Gubernur Jambi Buka Rakernas ADPMET 2026, Fokus Optimalisasi Migas

Jumat, 08 Mei 2026 | 10:37:17 WIB
Rakernas Asosiasi Daerah Penghasil Migas dan Energi Terbarukan

JAMBI – Rakernas Asosiasi Daerah Penghasil Migas dan Energi Terbarukan (ADPMET) Tahun 2026 secara resmi dibuka oleh Gubernur Jambi Al Haris, yang juga menjabat sebagai Ketua Umum ADPMET, bertempat di Swissbell Hotel pada Kamis, 7 Mei 2026.

Rakernas yang mengusung tema "Memperkuat Fiskal dan Integrasi Sumur Tua, Sumur Masyarakat, Idle Field, serta Pengembangan Modular Refinery" ini diharapkan mampu melahirkan berbagai rekomendasi konkret.

 Agenda ini turut dihadiri oleh Wakil Gubernur Papua Barat Muhammad Lakatoni, beserta para Bupati yang menjadi anggota dan pengurus ADPMET.

Gubernur Al Haris menyampaikan bahwa di tengah ketidakstabilan geopolitik dunia akibat konflik di wilayah penghasil minyak, Provinsi Jambi berkomitmen memaksimalkan sumber daya alamnya demi mendukung perekonomian nasional serta kesejahteraan masyarakat setempat.

"Perperangan dunia mengganggu pasokan minyak internasional, tapi sumber daya kami di Indonesia harus dimanfaatkan habis-habisan," ungkap Gubernur Al Haris dikutip dari berbagai sumber, Jumat(5/8/2026)

Pada kesempatan tersebut, Gubernur Al Haris juga menyampaikan keluhan dari daerah-daerah penghasil terkait kebijakan fiskal yang ada saat ini.

"DBH migas adalah tulang punggung penerimaan daerah, tapi skema pemotongan saat ini batasi ruang fiskal kami," katanya.

Ia menegaskan pentingnya penyesuaian yang proporsional dengan mempertimbangkan kontribusi nyata daerah, serta dampak sosial, ekonomi, dan lingkungan yang ditimbulkan.

"Target utama adalah peningkatan lifting minyak yang diharapkan mendorong naiknya dana bagi hasil daerah, sehingga bisa dialokasikan untuk pembangunan infrastruktur dan belanja public," ucapnya.

Selain itu, Gubernur Al Haris mendesak adanya optimalisasi terhadap sumur tua, sumur masyarakat, hingga lapangan yang tidak aktif (idle field).

"Ini sumber daya nyata untuk tingkatkan produksi nasional dan ekonomi daerah.
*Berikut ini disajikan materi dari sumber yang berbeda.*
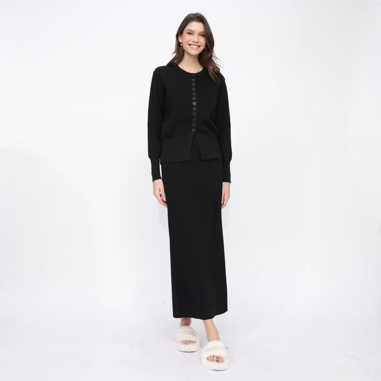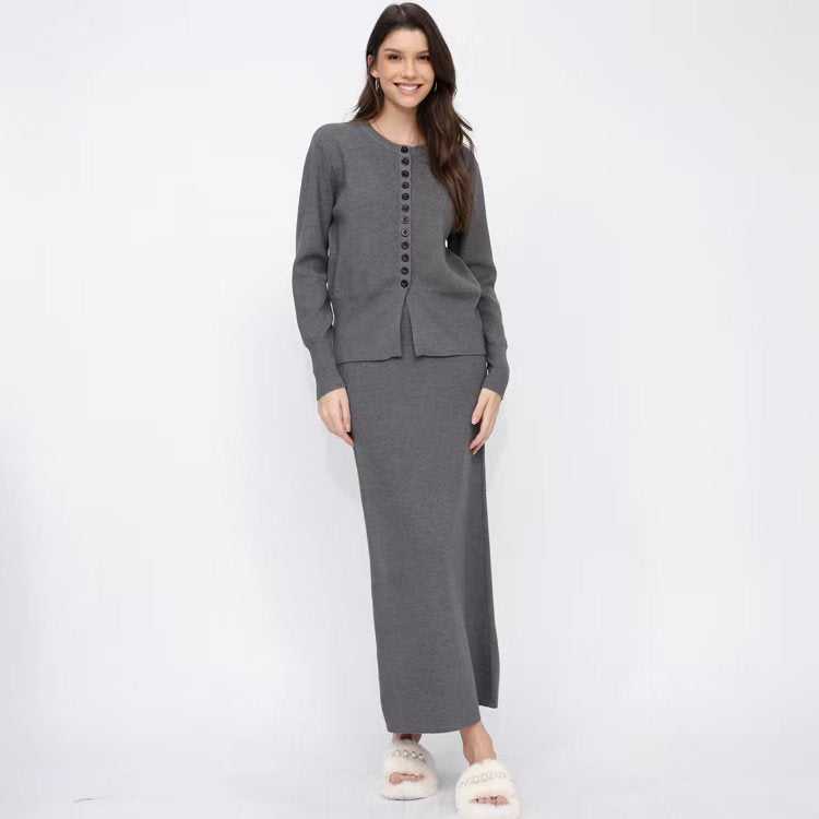 Women Cardigan Skirt Knit Sweater Two Piece Sets

Butuh kebijakan adaptif dan kemitraan sehat Kilang Mini, Kunci Pertumbuhan Ekonomi. 

Sorotan utama: pengembangan modular refinery atau kilang mini mulut tambang, Daerah jangan cuma jadi lokasi eksploitasi, tapi pusat pertumbuhan energi baru," tambahnya.

Menurut Gubernur Al Haris, situasi global yang mengganggu pasokan minyak dunia saat ini justru harus dijadikan momentum bagi Indonesia, terutama bagi Jambi yang merupakan salah satu lumbung energi.

"Sementara sumber daya alam kami masih melimpah, inilah saatnya kami maksimalkan minyak dan gas untuk memberikan sumbangan besar ke negara," tuturnya.

Gubernur Al Haris pun mengajak seluruh anggota untuk memperjuangkan hak-hak daerah, seperti tambahan DBH transisi energi, alokasi gas untuk daerah, hak kelola sumur tua, hingga insentif carbon capture yang didukung oleh komitmen iuran anggota.

"Melalui asosiasi daerah penghasil minyak dan gas, Jambi siap meningkatkan lifting minyak, mengembangkan energi terbarukan, serta melibatkan UMKM dan Bank Jambi dalam rantai pasok energi.

 Pemerintah daerah optimistis, dengan dukungan semua pihak, Jambi siap jadi motor penggerak ekonomi hijau di tengah badai geopolitik," pungkasnya.